Antilichaam afhankelijk verhoging (ADE) van de infecties is een proces waarbij gedeeltelijk cross-reactive antilichaam reacties veroorzaakt door een serotype van het virus verbetert de opname van een ander serotype van het virus, wat leidt tot meer virale replicatie en voorjaarsviremie. ADE is uitgebreid gedocumenteerd in Dengue virus (DENV) infecties waar vier belangrijke serotypen heersen. ADE is een subset van patiënten, gekoppeld aan Dengue hemorragische koorts (DHF).

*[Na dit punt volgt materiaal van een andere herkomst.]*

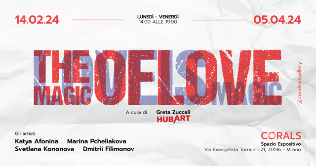In occasione del giorno di San Valentino, lo spazio espositivo Corals inaugura la mostra “The magic of love” a cura di Greta Zuccali gli artisti Katya Afonina, Marina Pcheliakova, Svetlana Kononova, Dmitrii Filimonov.
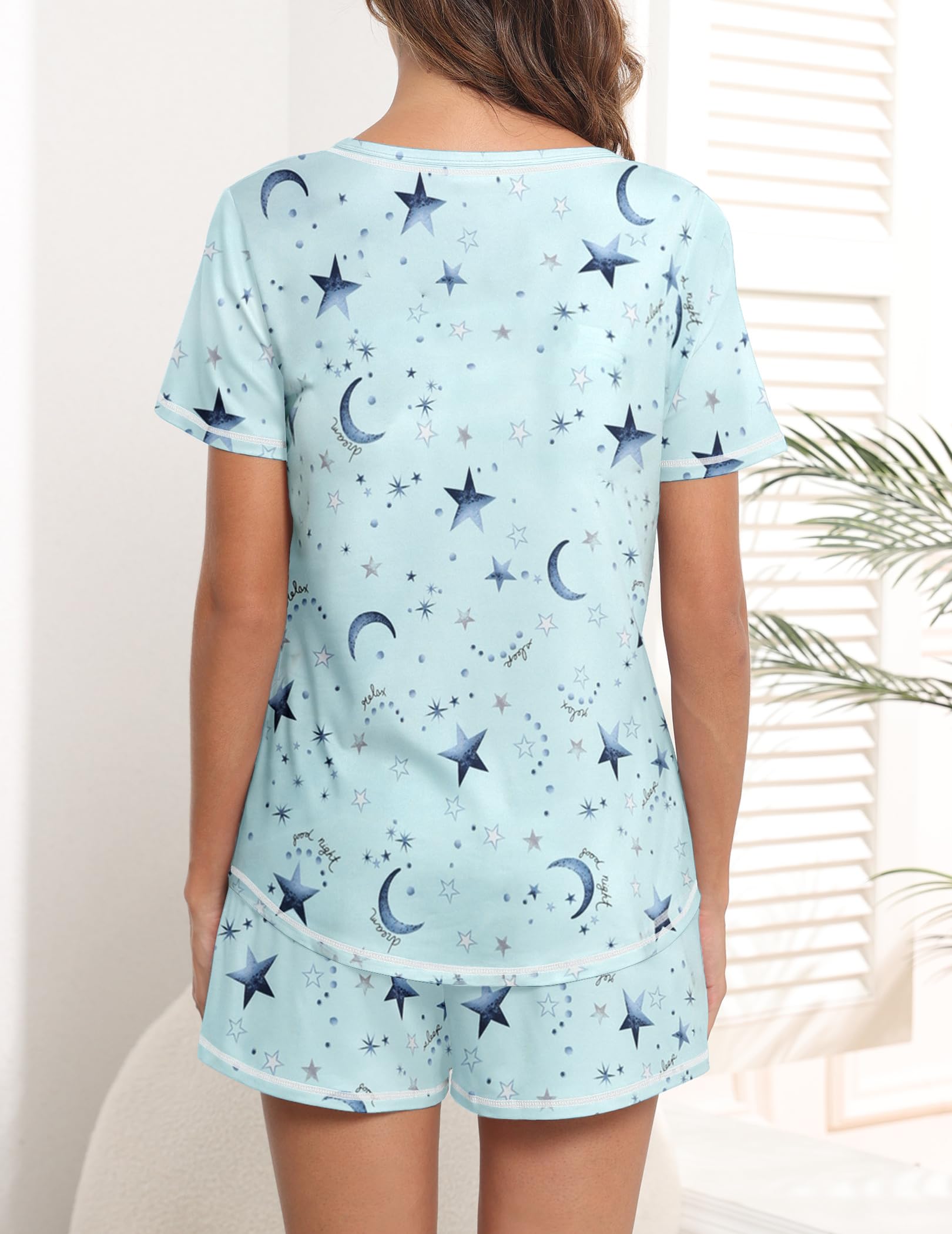 Design: The pajama top features classic chest pocket and V neck, with exquisite hemming workmanship; the pajama shorts features adjustable drawstring and pockets. Loose fit lounge sets, cute and comfy pajamas for women and teens girls

We hebben onlangs aangetoond dat Zika virus (ZIKV) infectie veroorzaakt aanzienlijk hoge niveaus van DENV cross-reactive antilichaam reacties die veroorzaakt ADE van DENV in vitro en waarschijnlijk bijgedragen aan de verhoging van de DENV voorjaarsviremie in vivo1 , 2. antilichaam-afhankelijke versterking testen zijn een waardevol instrument voor de beoordeling van de capaciteit van antilichamen te versterken van secundaire infectie met verwante virussen en bieden waardevolle inzichten in de pathogenese van flavivirus infecties en informeren de ontwikkeling van vaccins.

De assay beschreven gebruikt hier DENV RVP samen met K562 cellen, die normaliter ontoelaatbaar om infectie zijn. RVP zijn structureel intact replicatie incompetent DENV virale deeltjes die coderen van een sub-genomic groen fluorescente proteïne (GFP) replicon die na een ronde van replicatie3wordt uitgedrukt. Als zodanig, cellen die geïnfecteerd raken met RVP lichten groen op en kunnen gemakkelijk worden opgespoord met behulp van stroom cytometry of microscopie. De RVP gebruikt in deze test werden verkregen uit commerciële bronnen. Ze kunnen echter tegen andere virussen gegenereerd en gebruikt in de test die wordt beschreven in dit manuscript. K562 cellen zijn ondertussen een FcγIII-receptor-uiting geven aan leukemie cellijn die binden aan de Fc-regio van antilichamen en in het bijzijn van de concentraties van antilichaam4,5sub te neutraliseren besmet raken.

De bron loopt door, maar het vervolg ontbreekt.